Les villes d’Istanbul, Venise et Alger pour les Ottomans, de Gênes, Séville et Lisbonne pour les Habsbourg deviennent des lieux d’échange et de passage. Ces villes sont évoquées dans l’expo, chacune avec leur spécificité: Istanbul capitale culturelle; Venise, la marchande; Alger, poste avancé en Afrique du Nord; Gênes, la banquière; Séville, porte des Indes; Lisbonne, ouverture transatlantique.

L’étendard qui trône au milieu de l’exposition fut pris aux Ottomans à la Bataille de Lépante. Cette défaite signe le début du déclin de leur empire. Jusqu’alors, leur expansion semblait inexorable, leur conquête du bassin méditerranéen était une priorité. ©Luigino Visconti

→ La deuxième revient sur notre époque. Les pourtours méditerranéens sont évoqués par deux mégapoles: Le Caire et Istanbul, et deux métropoles: Marseille et Casablanca. D’un côté deux villes qui grandissent telles des pieuvres, de l’autre des cités qui pensent leur développement. Cette théorie urbanistique est évoquée ici par une série de photos, installations artistiques, vidéos et maquettes reflétant le quotidien et le devenir urbain des cités.

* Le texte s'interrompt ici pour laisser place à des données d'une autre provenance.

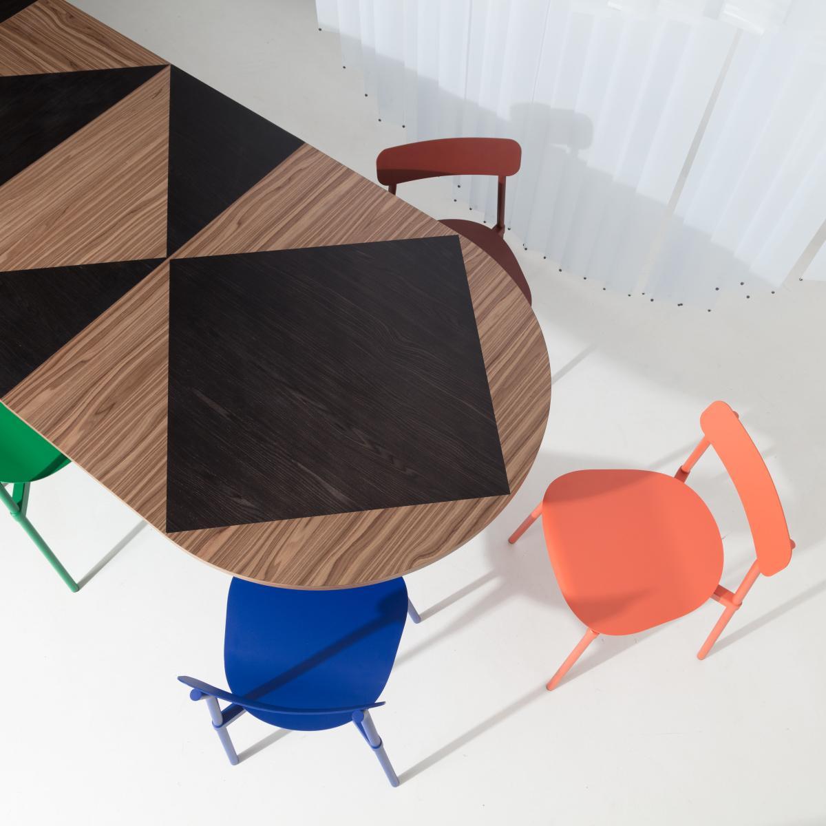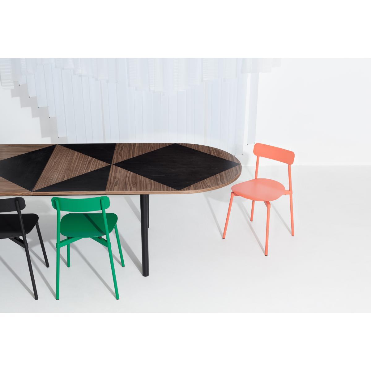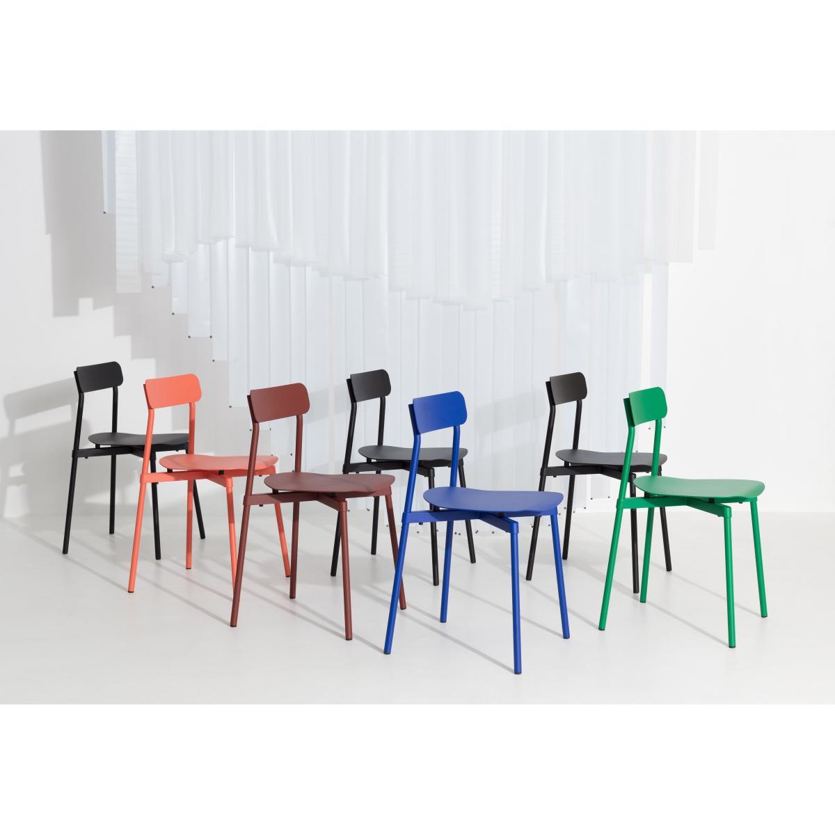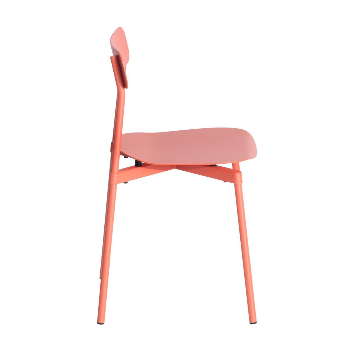 Competition chair. Pure lines and incredible lightness for this aluminium chair with its extremely successful design. A real featherweight (just 4 kilos), this chair is rock solid thanks in particular to a specific and very technical assembly of the different parts. Highly ergonomic, the Fromme chair stands out with the absorbers placed under the seat which, like shock absorbers on a car, provide flexibility and suppleness for optimal comfort. The slightly curved shape of the seat and inclined plane on its front further increase comfort. A confirmed cyclist, Canadian designer Yom Chung used to climb Fromme Mountain outside Vancouver and was fascinated by the technical performance of his bike. He sought to rediscover the efficiency it brought him to reinvent the most common object and yet the greatest challenge for a designer: a chair. This new addition to the line of avant-garde products from Petite Friture proves once again that the brand gives young designers a chance and trusts them to create key pieces for its collections. Each colour gives a new conception of the sleek design of this incredibly light and efficient chair. Made of aluminium, it can be used both indoors and out and is easily stackable.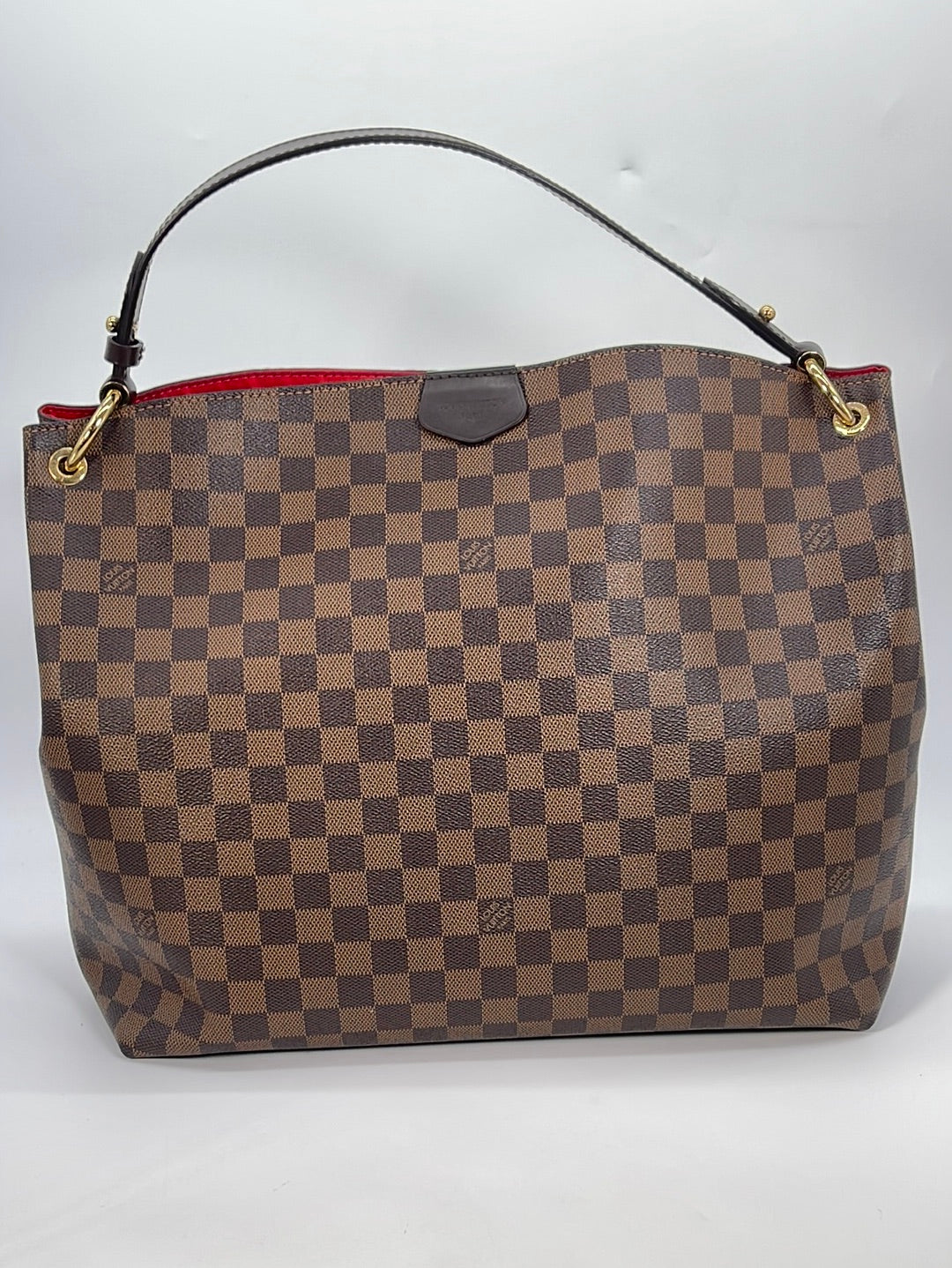 Preloved Louis Vuitton Damier Ebene Gracefull MM Shoulder Bag with Red Interior

Cette photo de Serkan Taycan évoque l’évolution galopante d’Istanbul et les grands projets urbanistiques qu’Erdogan a pour elle: construction d’une seconde ville, d’un troisième aéroport, du Kanal Istanbul et d’un troisième pont sur le Bosphore. Une façon de faire de la ville une vitrine politique sans respect pour son histoires. ©Serkan Taycan

La volonté des commissaires de l’expo? Lier les deux parties en envisageant l’histoire comme un continuum d’événements qui se répondent: ce qui est arrivé hier impacte concrètement et/ou éclaire la sociologie, la politique ou l’économie actuelles.

Les routes de commerce d’hier sont devenues routes de circulation des bêta données. Aujourd’hui, 20.000 km de câbles sous-marins relient Marseille à l’Europe du Sud, l’Afrique, le Proche-Orient et l’Asie… suivant ces anciennes routes. L'installation du Belge Patrick Guns, est un mobile fait de fragments de barque.. ©Patrick Guns

Le local et le global s’interpénètrent. On le perçoit confusément. On aurait préféré un parti pris plus clair, un angle unique. Mais l’Histoire est complexe et ce que nous en faisons, plus encore. C’est ce qu’on retiendra, aussi, de ces "Connectivités".

Au Mucem de Marseille jusqu’au 30/11/19. www.mucem.org.